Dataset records
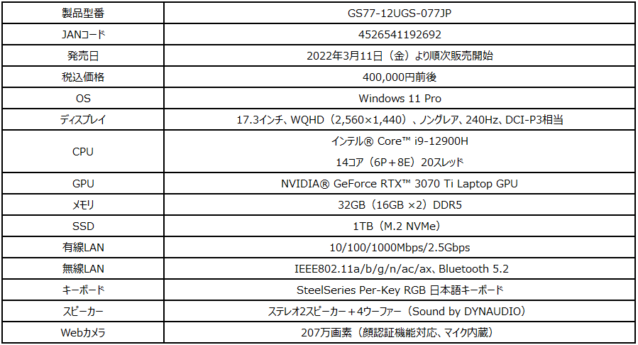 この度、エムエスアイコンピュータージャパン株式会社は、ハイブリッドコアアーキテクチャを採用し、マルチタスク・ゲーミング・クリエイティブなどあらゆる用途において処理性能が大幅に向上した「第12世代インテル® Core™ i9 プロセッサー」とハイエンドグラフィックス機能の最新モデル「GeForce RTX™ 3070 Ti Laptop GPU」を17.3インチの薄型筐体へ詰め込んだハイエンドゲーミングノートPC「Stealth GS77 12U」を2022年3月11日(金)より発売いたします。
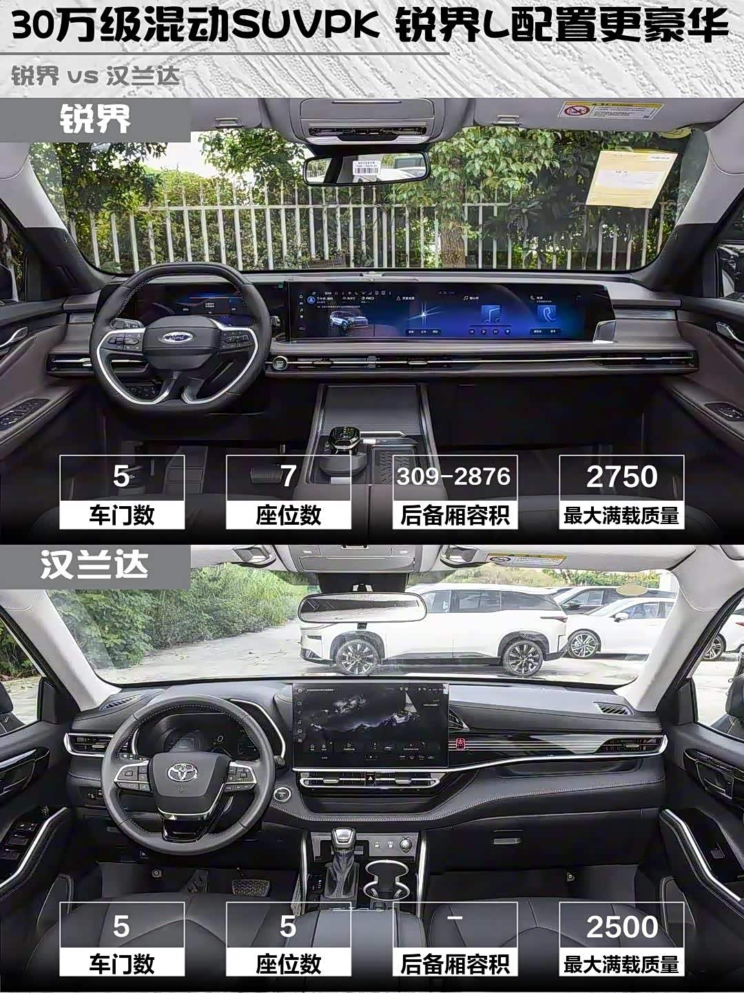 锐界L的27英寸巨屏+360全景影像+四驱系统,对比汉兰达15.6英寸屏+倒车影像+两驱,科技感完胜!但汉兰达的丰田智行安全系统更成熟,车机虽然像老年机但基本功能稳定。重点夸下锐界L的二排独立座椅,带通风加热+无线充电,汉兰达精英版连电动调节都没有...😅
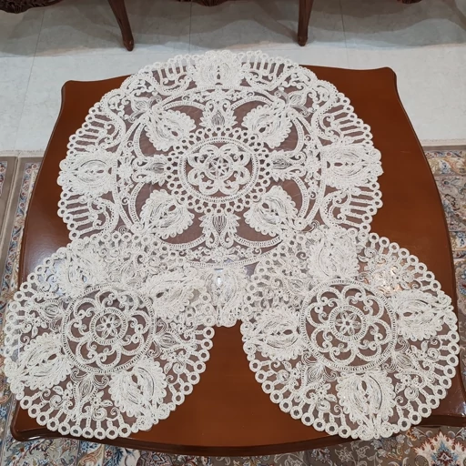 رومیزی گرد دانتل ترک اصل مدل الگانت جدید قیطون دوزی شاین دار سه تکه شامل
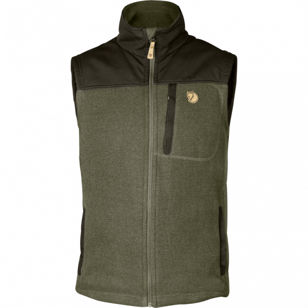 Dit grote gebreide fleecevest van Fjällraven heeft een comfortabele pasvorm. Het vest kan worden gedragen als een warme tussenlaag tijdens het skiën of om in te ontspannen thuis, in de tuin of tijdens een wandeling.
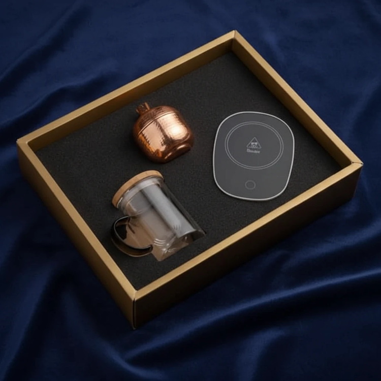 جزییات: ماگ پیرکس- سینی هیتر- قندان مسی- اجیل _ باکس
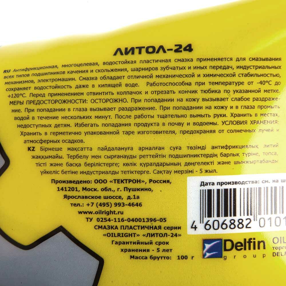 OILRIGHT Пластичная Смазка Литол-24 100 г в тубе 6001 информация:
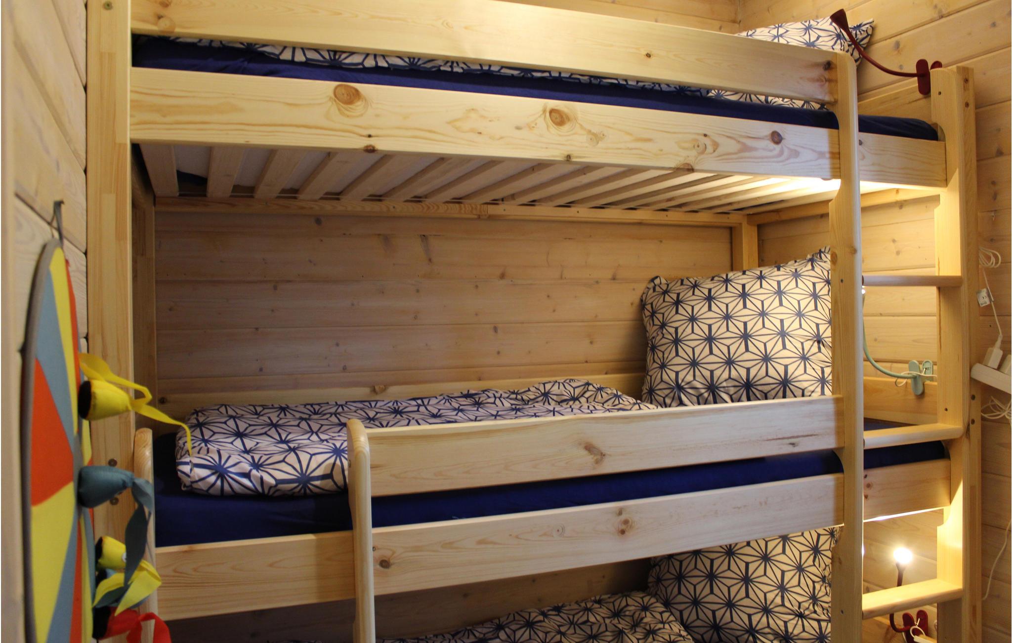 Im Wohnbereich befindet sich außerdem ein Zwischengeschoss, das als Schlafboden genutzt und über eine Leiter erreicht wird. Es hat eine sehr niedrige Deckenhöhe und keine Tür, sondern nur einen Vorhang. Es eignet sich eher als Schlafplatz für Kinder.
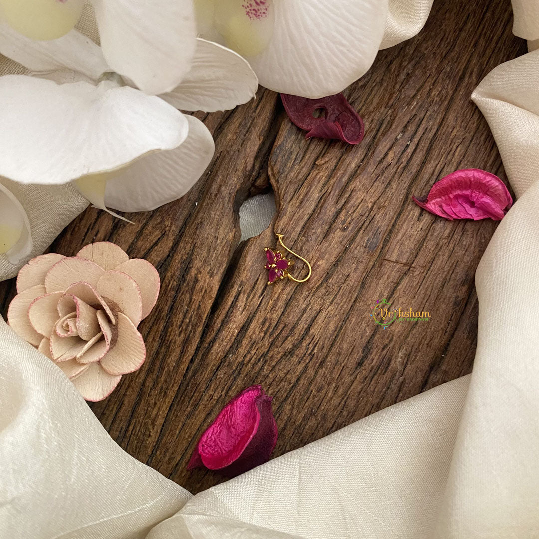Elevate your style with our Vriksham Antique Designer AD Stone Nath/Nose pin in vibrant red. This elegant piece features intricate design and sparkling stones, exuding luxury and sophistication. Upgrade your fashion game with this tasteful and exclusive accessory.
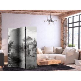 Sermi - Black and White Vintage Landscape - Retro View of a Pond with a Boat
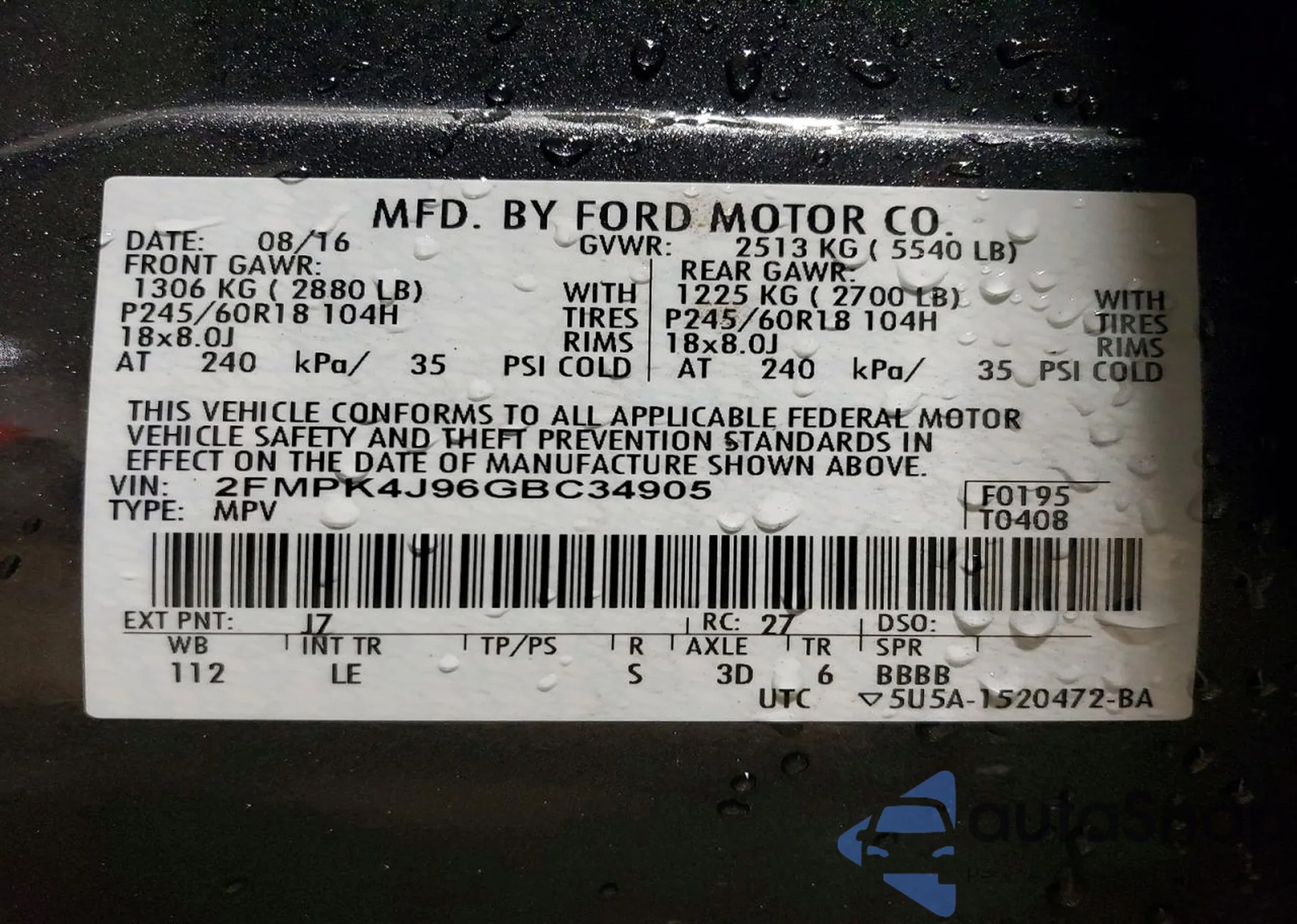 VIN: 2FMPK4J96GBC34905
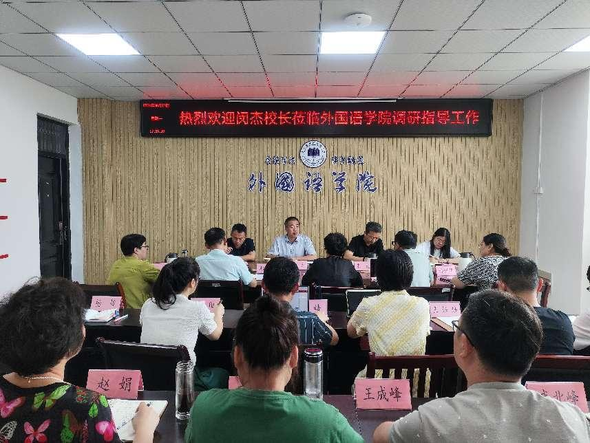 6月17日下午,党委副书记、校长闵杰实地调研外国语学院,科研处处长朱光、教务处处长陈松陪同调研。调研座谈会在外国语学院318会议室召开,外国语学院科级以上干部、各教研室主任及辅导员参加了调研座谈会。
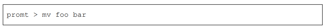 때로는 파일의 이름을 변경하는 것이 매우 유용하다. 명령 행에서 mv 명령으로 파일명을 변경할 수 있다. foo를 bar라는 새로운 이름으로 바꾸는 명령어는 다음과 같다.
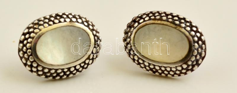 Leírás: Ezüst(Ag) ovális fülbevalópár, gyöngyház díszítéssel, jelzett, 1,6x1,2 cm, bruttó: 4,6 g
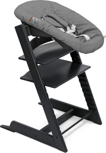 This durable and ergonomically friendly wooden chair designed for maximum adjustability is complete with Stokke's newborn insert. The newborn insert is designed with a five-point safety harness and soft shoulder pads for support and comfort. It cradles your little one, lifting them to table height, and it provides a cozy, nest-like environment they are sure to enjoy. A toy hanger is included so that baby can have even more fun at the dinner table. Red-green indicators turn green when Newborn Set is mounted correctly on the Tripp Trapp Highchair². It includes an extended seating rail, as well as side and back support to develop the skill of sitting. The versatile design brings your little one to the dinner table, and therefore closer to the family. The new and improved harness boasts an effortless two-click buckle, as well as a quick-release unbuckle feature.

▶ What the exercise asks:
Exact copy, pictures excluded: every line above from the one containing "OILRIGHT Пластичная Смазка" to the one containing "Leírás: Ezüst(Ag) ovális", inclusive, and nothing more.

▶ Exercise result:
 OILRIGHT Пластичная Смазка Литол-24 100 г в тубе 6001 информация:
 Im Wohnbereich befindet sich außerdem ein Zwischengeschoss, das als Schlafboden genutzt und über eine Leiter erreicht wird. Es hat eine sehr niedrige Deckenhöhe und keine Tür, sondern nur einen Vorhang. Es eignet sich eher als Schlafplatz für Kinder.
Elevate your style with our Vriksham Antique Designer AD Stone Nath/Nose pin in vibrant red. This elegant piece features intricate design and sparkling stones, exuding luxury and sophistication. Upgrade your fashion game with this tasteful and exclusive accessory.
 Sermi - Black and White Vintage Landscape - Retro View of a Pond with a Boat
 VIN: 2FMPK4J96GBC34905
 6月17日下午,党委副书记、校长闵杰实地调研外国语学院,科研处处长朱光、教务处处长陈松陪同调研。调研座谈会在外国语学院318会议室召开,外国语学院科级以上干部、各教研室主任及辅导员参加了调研座谈会。
 때로는 파일의 이름을 변경하는 것이 매우 유용하다. 명령 행에서 mv 명령으로 파일명을 변경할 수 있다. foo를 bar라는 새로운 이름으로 바꾸는 명령어는 다음과 같다.
 Leírás: Ezüst(Ag) ovális fülbevalópár, gyöngyház díszítéssel, jelzett, 1,6x1,2 cm, bruttó: 4,6 g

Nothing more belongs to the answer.